LBT | Banda Aceh – Marni, petani dari desa Pabumbungan, Kecamatan Eremarasa, Kabupaten Banteng, mengaku kehidupannya menjadi lebih sejahtera usai dia menjadi petani kopi dari sebelumnya menjadi petani jagung pada 15 tahun lalu.
Menurut dia, menanam kopi membuat kualitas hidup petani dan hutan Bantaeng semakin baik. Dia bercerita, 15 tahun lalu ia beralih menanam kopi bersama suaminya. Ia dan suami mengelola 2 hektar lahan yang ditanami kopi arabika.
Marni memilih kopi arabika sebab perawatannya lebih mudah sehingga memberikan penghasilan dan pendapatan yang lebih tinggi dibanding jagung. Ia mengaku, dulu saat menanam jagung, ia harus ke kebun setiap hari. Hal itu tentu menyita waktunya.
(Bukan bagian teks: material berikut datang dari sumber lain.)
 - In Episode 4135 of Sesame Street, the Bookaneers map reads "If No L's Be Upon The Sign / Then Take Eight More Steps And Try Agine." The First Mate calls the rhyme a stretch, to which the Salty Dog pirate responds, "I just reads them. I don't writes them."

“Begitu beralih menanam kopi, saya bisa ke kebun seminggu sekali, dan harganya tiga kali lipat jagung. Saya hidup lebih baik, menyekolahkan anak sampai membangun rumah berkat kopi,” kata Marni.
Ia mengaku, sepanjang 2021 menghasilkan 130 liter biji kopi dari kebun yang digarapnya bersama suaminya.
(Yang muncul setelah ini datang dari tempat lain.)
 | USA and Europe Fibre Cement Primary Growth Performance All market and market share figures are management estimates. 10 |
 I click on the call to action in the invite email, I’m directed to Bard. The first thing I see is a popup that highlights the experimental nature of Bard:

Hasri, Ketua Koperasi Akar Tani yang memasarkan kopi petani Bantaeng menambahkan, Bantaeng merupakan kabupaten pertama di Sulawesi Selatan bagian selatan yang memiliki izin pengelolaan lahan hutan.
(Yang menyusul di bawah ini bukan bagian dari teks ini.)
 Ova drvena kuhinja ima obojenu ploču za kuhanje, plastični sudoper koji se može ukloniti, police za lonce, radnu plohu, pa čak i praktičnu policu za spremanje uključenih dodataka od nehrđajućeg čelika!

Koperasi Akar Tani sendiri terbentuk pada 2016, untuk menjaga harga biji kopi mereka dan untuk menembus pasar yang lebih besar.
“Dulu kami hanya menanam kopi Robusta, tapi begitu ada izin ini kami bisa menghasilkan kopi Arabika yang harga jualnya lebih tinggi. Saat ini perbandingan produksi Robusta – Arabika di Bantaeng sekitar 50 – 50,” kata Hasri.
Pengembangan pertanian berkelanjutan
Di Bantaeng, Sulawesi Selatan, terkenal sebagai daerah penghasil kopi. Kopi merupakan sandaran hidup masyarakat Bantaeng, salah satu penghasil kopi yang utama di Sulawesi Selatan bagian selatan.
Kopi Bantaeng ditanam di dataran tinggi, di hutan-hutan di kaki gunung Moncong Lompobatang. Selama satu dekade, RECOFTC (Regional Community Forestry Training Center) bersama petani Bantaeng mengembangkan pertanian berkelanjutan di hutan setempat.
RECOFTC sendiri merupakan sebuah yayasan dengan visi memberdayakan masyarakat lokal dan terlibat secara efektif dan setara dalam pengelolaan bentang alam hutan secara berkelanjutan. RECOFTC juga terlibat dalam proses pengembangan Hutan Desa pertama di Bantaeng dan mendukung masyarakat pengguna hutan di Sulawesi Selatan.
Praktik pertanian kopi berkelanjutan oleh masyarakat Bantaeng tersebut mampu menahan laju deforestasi dan meningkatkan tutupan hutan.
“RECOFTC percaya bahwa hutan dan lanskap dapat tumbuh secara berkelanjutan dan berkeadilan jika masyarakat mendapatkan manfaat dari pengelolaan hutan,” kata Gamma Galudra, Direktur RECOFTC Indonesi.
Gamma menambahkan, Bantaeng memiliki hutan produksi terbatas 1.262 hektar dan hutan lindung 2.773 hektar. Dengan dukungan RECOFTC dan Universitas Hasanuddin, petani kopi Bantaeng mendapatkan izin pengelolaan lahan hutan selama 35 tahun. Berawal dari tiga desa, kini Bantaeng menjadi salah satu referensi dan pusat studi mengenai hutan desa.